▶ **Exercise requirements**: Pictures excluded, set down exactly the lines from the one containing "事实上如果再往前追溯,你会发" through the final line of the material, and only those.

▶ **Entries supplied**:

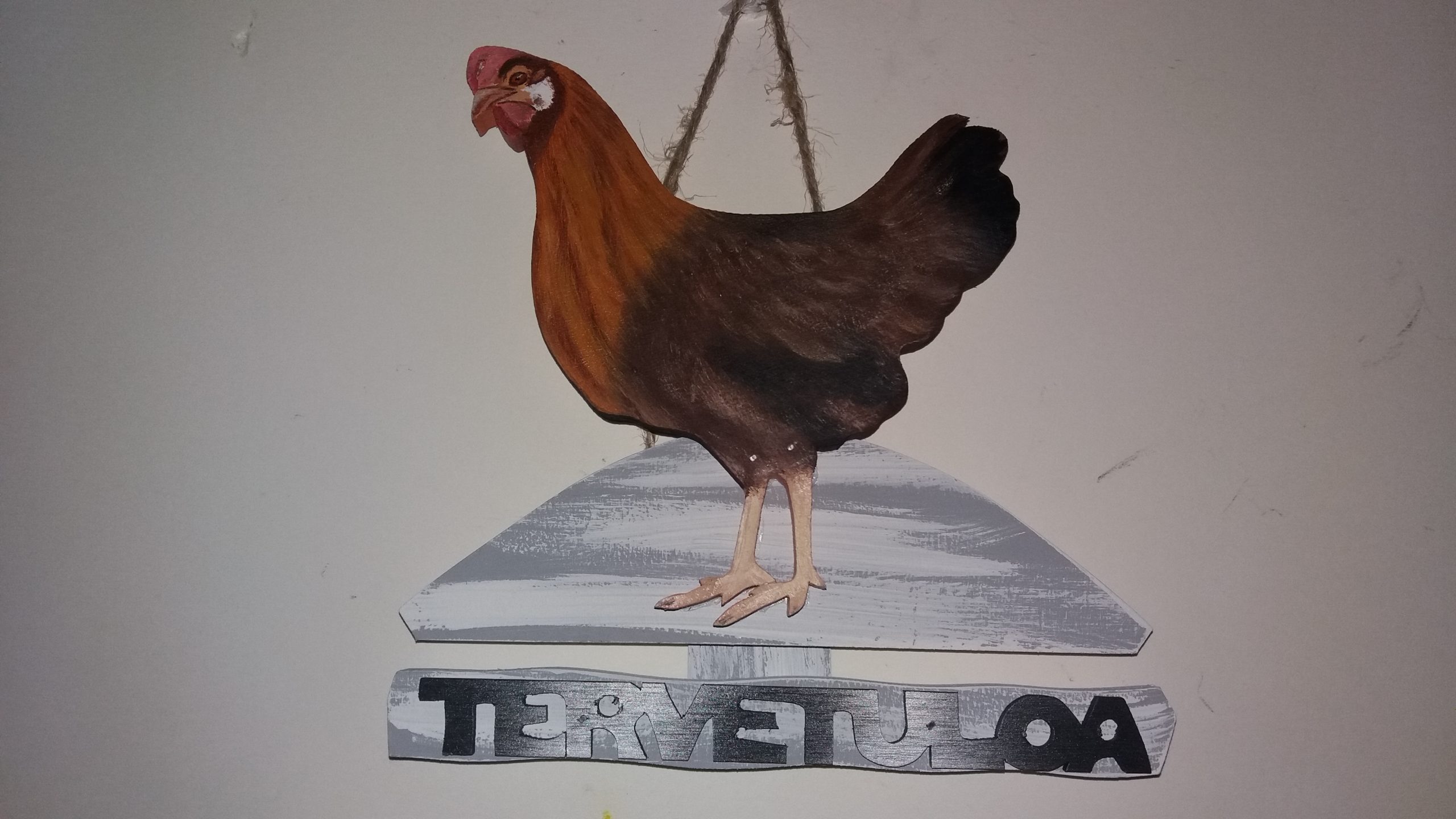 Puinen tervetuloakyltti joka kuvastaa Ruskeakanaa. Maalattu sään kestävillä öljyväreillä.
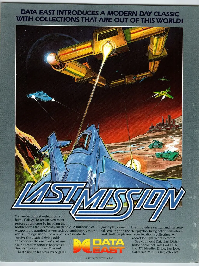 Brand: Data East Year: 1986 Game Title: Last Mission Original/Reproduction: Original Theme: Retro Gaming Country/Region of Manufacture: United States Modified Item: No Arcade: Flyer
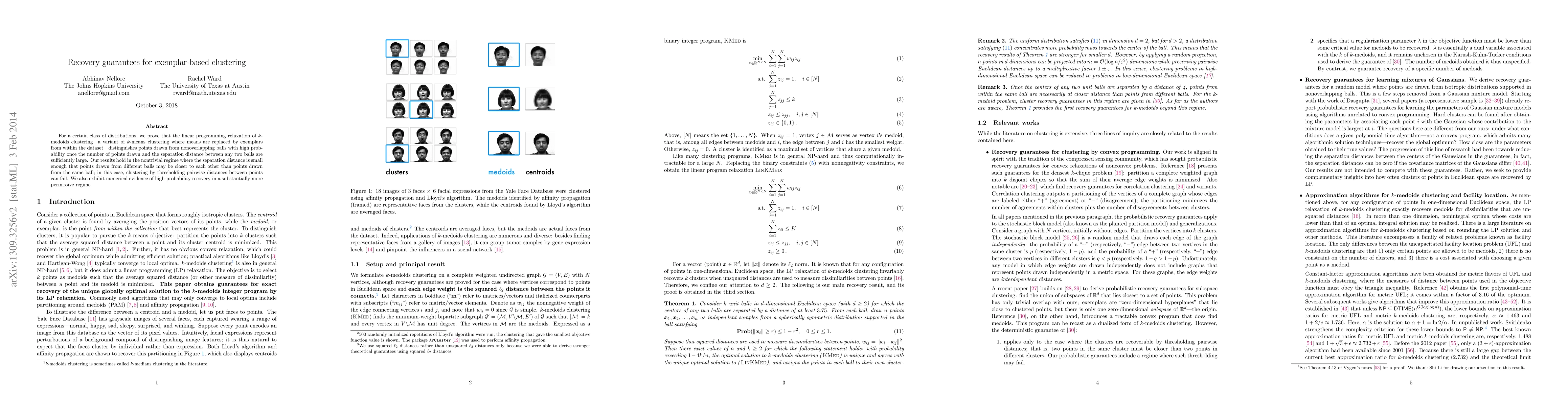 For a certain class of distributions, we prove that the linear programming relaxation of $k$-medoids clustering---a variant of $k$-means clustering where means are replaced by exemplars from within the dataset---distinguishes points drawn from nonoverlapping balls with high probability once the number of points drawn and the separation distance between any two balls are sufficiently large. Our results hold in the nontrivial regime where the separation distance is small enough that points drawn from different balls may be closer to each other than points drawn from the same ball; in this case, clustering by thresholding pairwise distances between points can fail. We also exhibit numerical evidence of high-probability recovery in a substantially more permissive regime.
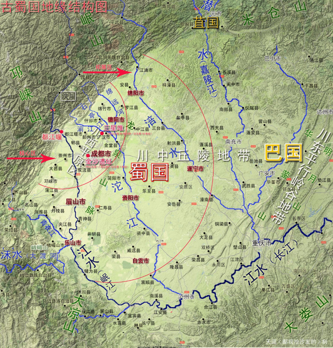 事实上如果再往前追溯,你会发现从蜀地的神话时代开始,成都所在的这片平原就已经是蜀地的中心。以至于任何一个中原王朝想控制四川,乃至整个大西南,所要搞掂的都只是成都这一座城。
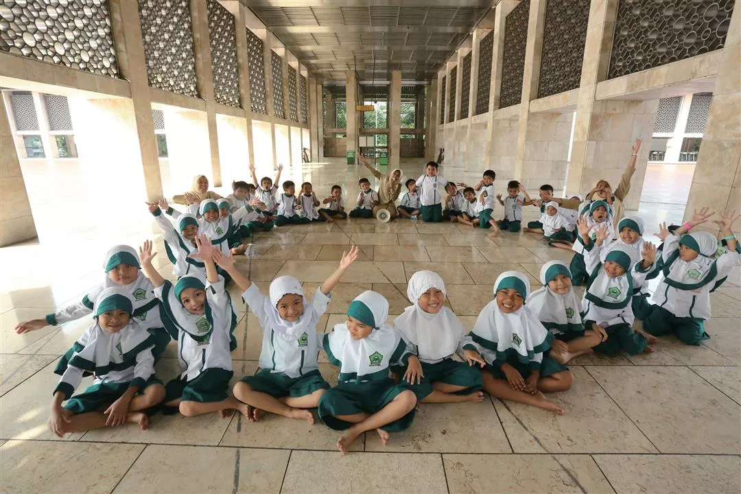 印尼中產階級人數增加,帶來龐大的消費力,雅加達伊斯提奎清真寺裡的孩童綻露笑容。(林格立攝)

▶ **Solution to the problem**:
 事实上如果再往前追溯,你会发现从蜀地的神话时代开始,成都所在的这片平原就已经是蜀地的中心。以至于任何一个中原王朝想控制四川,乃至整个大西南,所要搞掂的都只是成都这一座城。
 印尼中產階級人數增加,帶來龐大的消費力,雅加達伊斯提奎清真寺裡的孩童綻露笑容。(林格立攝)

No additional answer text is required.